The decision to close the 31-acre former teacher training college was taken by owners Strathclyde University in 2006.
The site has been vacant since 2012.
Following what Cala Homes says was extensive consultation with the local community and Glasgow City Council, the university gained planning permission in principle for a residential developer in 2013.
Cala’s proposed development includes more than 400 properties, designed by award-winning architects 7N.
Central to the proposals is the retention of the university’s Category B-listed David Stow building.
Graham House and Douglas House, which don’t have listed status, would also to be conserved and converted under the plans.
More than 40 per cent of the site would be retained as greenspace, says Cala, and the plans contain a net provision of more than 350 new trees to enhance the existing woodland.
About 5,000 square metres of children’s active play spaces would be created.
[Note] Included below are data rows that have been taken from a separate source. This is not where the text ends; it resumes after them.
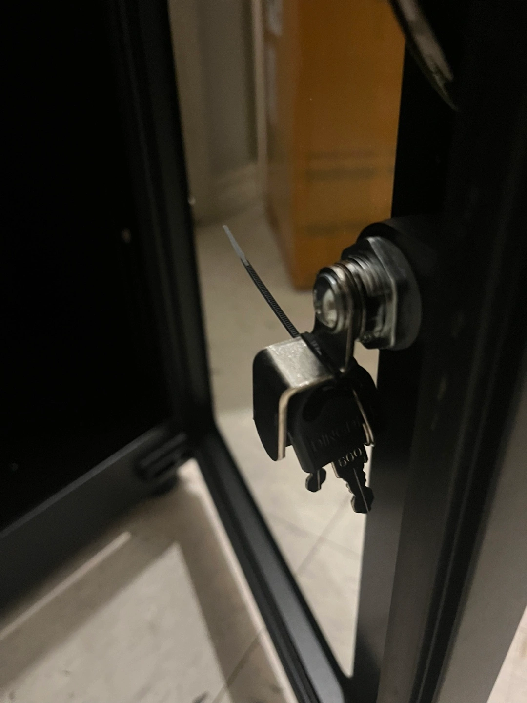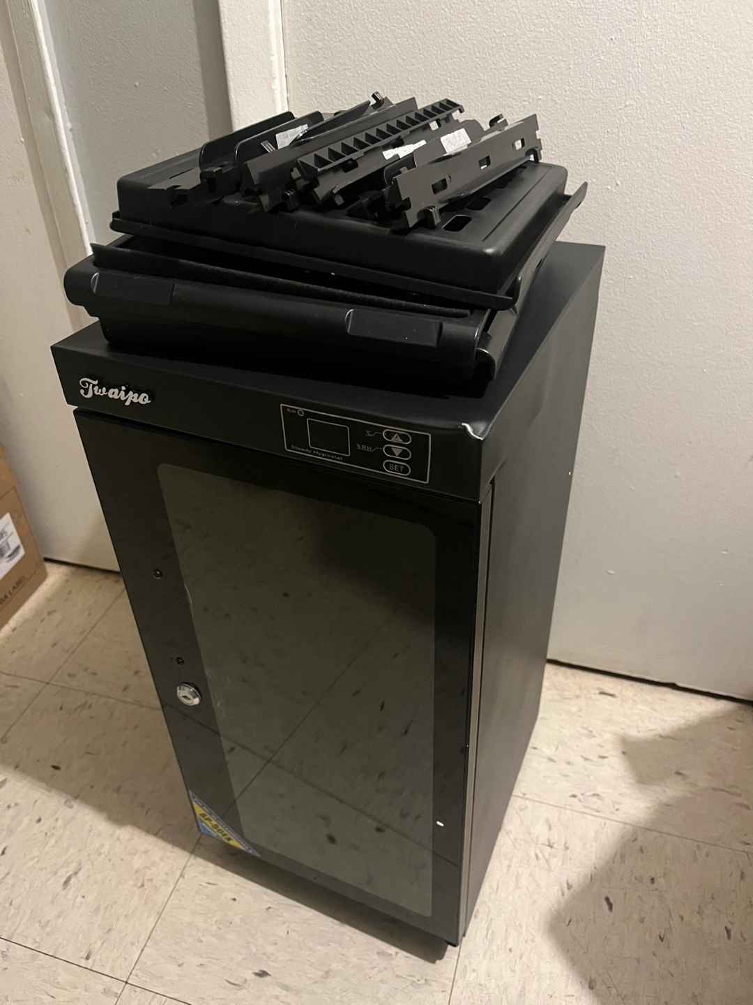 Black electronic Dehumidifying cabinet with glass door and lock with 2 keys. Features digital controls, steady hydrostat, LED lighting, and 4 adjustable shelves with foam matting.
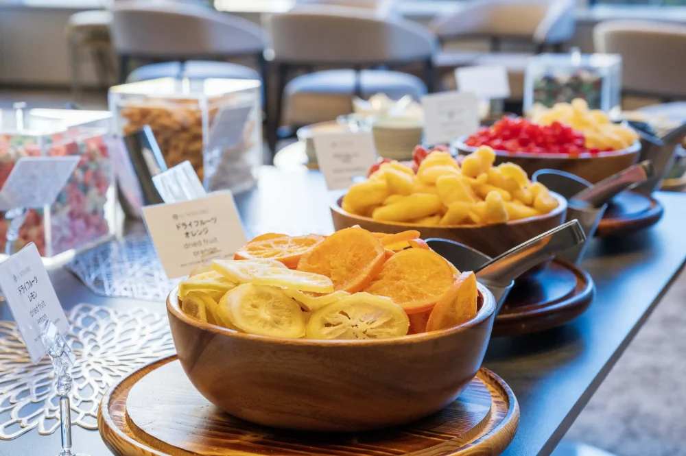 이그제큐티브 라운지의 Evening cap에서는 각종 스낵이나 드라이 과일, 하겐다츠의 아이스 3종 등의 food나 고집의 야마나시현산 와인, 야마나시현산 쌀 소주, 맥주를 제공하고 있습니다.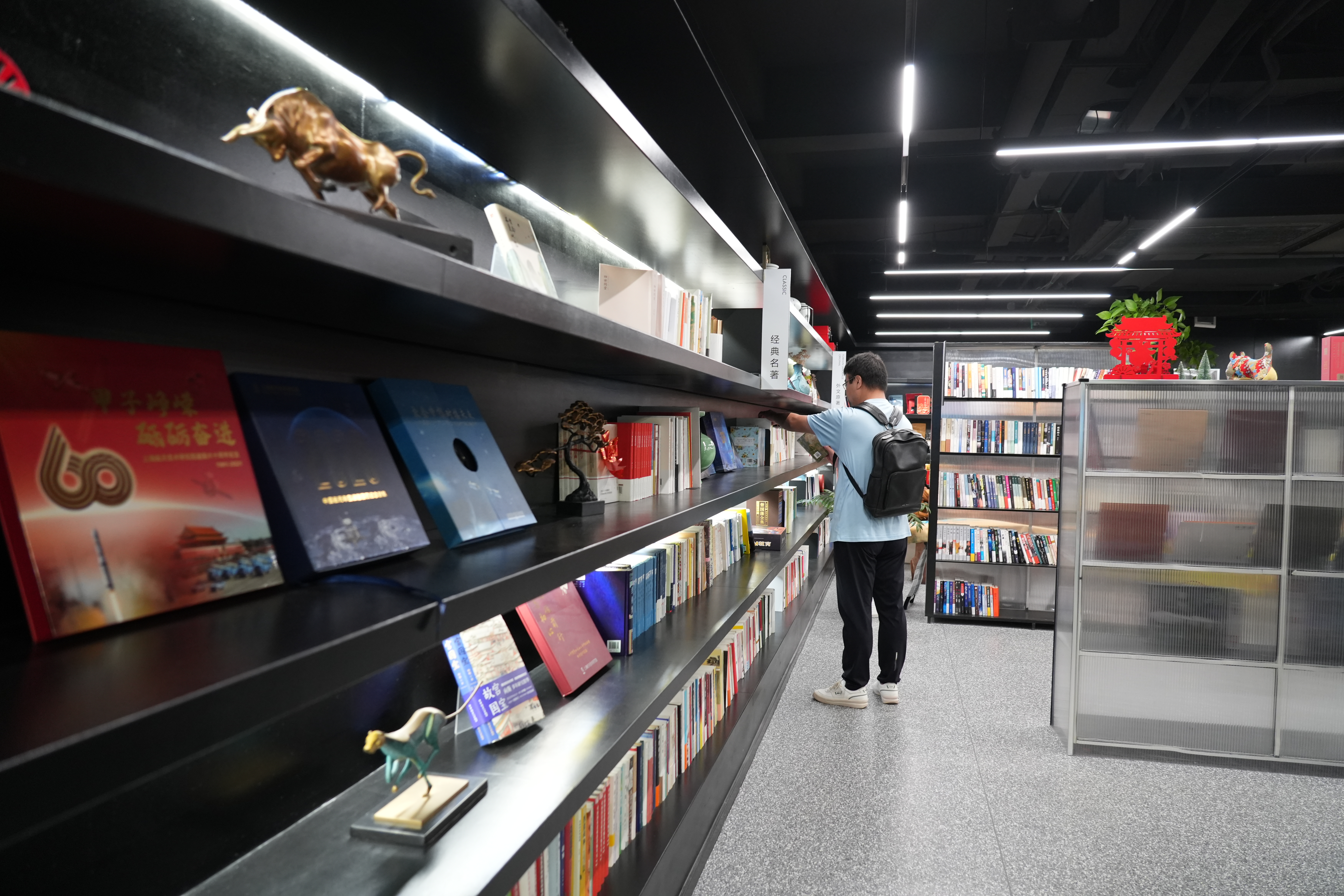 天问书局位于航天双创中心内,是集创业咖啡、阅读休闲、活动路演、讲座沙龙于一体的综合性休闲空间。书局共有两层,藏书大多为航天局工会所捐赠,涵盖了人文历史、经济、哲学、航天等领域,俨然一个充满航天元素的小图书馆。除了海量书籍外,还设置桌椅沙发、小型会议室,不仅可以供职工到此休闲交流,还可以供园区内各公司到此举办各类活动。

And the existing playing fields would be given to Glasgow Life to ensure the community and all local schools benefit, says Cala.
New public footpaths and cycleways would make the campus accessible to all, it adds.
Liana Canavan, sales and marketing director at Cala Homes (West) said: “We want to dispel the misconception that we plan to overdevelop the site.
“We’re seeking to develop mostly on the footprints of existing buildings and to create a more designed central parkland area than currently exists on the site.
“These plans include cycle paths, walkways and areas of open space which will enhance this site for current and future communities of Jordanhill.”